Do you ever get inspired to make your favourite restaurant meals at home? I have been especially inspired lately, because we have not really been eating out since this pandemic started (with the exception of 2 times).
Sometimes I accidentally create new recipes. Some definitely don’t turn out…but to my surprise some actually do!
This months Recipe Redux theme is a ‘Vacation-Inspired Theme’, encouraging members to create a recipe with an ingredient that they’ve seen on their summer travels.
I’ve taken a few small trips this summer, however nowhere too far. The furthest was a long-weekend trip to Boston. However the most memorable trips I’ve taken this summer were around my own backyard, in Ontario. Exploring places in cottage country to cool neighbourhoods in Toronto, to Prince Edward County wineries – Ontario has so many hidden gems.
Have you tried farro before? It’s one of the oldest grains in existence! It has a higher fiber and protein content than common wheat. In one-quarter cup serving of uncooked farro provides 200 calories’ worth of energy, along with 7 g each of fibre and protein, as well as 10% of your daily iron needs. In this salad, I’ve combined farro with lentils along with heaps of roasted vegetables. Now you’ve got a nutty and chewy filling entree salad. Enjoy!

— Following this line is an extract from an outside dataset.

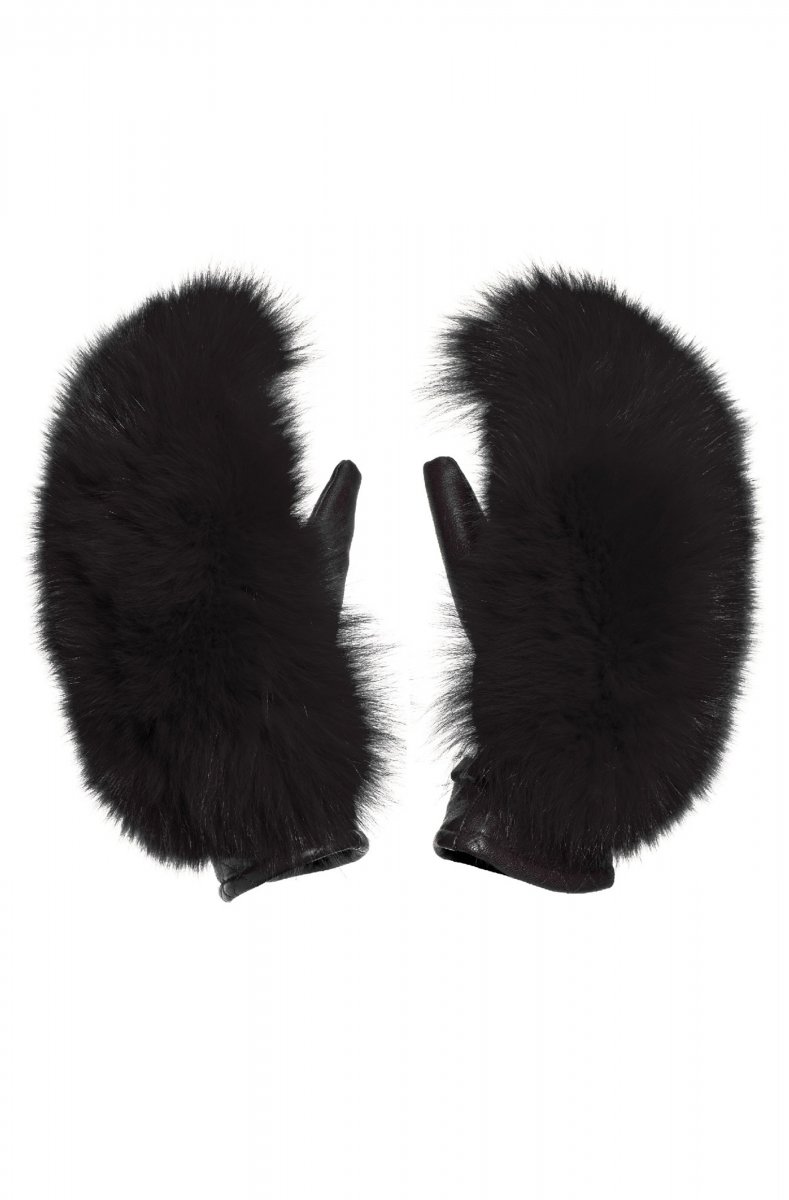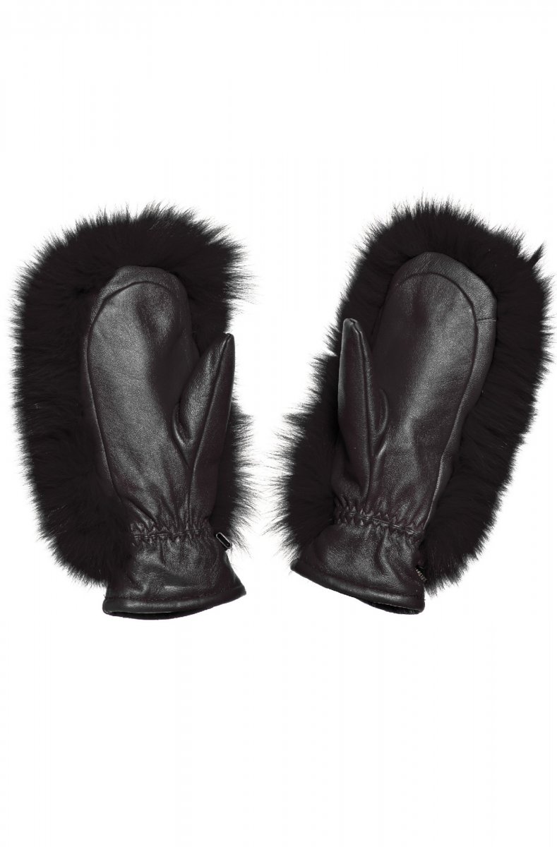 Vegan leather mittens with faux fur top

A omnivore-approved!! My boyfriend (who enjoys both meat and vegetarian meals) states that this salad is a favourite of his – not only for it’s delicious taste but for how hearty it is! Let’s give thanks to the satiating power of a few nutrient-rich vegetarian ingredients – lentils, barley, almonds, apples and leafy greens! I love how simple and easy this is to make. A summer must-try!
Time = $$! I’ve been capitalizing on easy and quick recipes recently as my life seems to be getting increasingly busy! However I still hold preparing my own meals at home to be a priority. One of the most over-looked etiologies contributing to our current state of health in Western culture is the number of meals we prepare at home.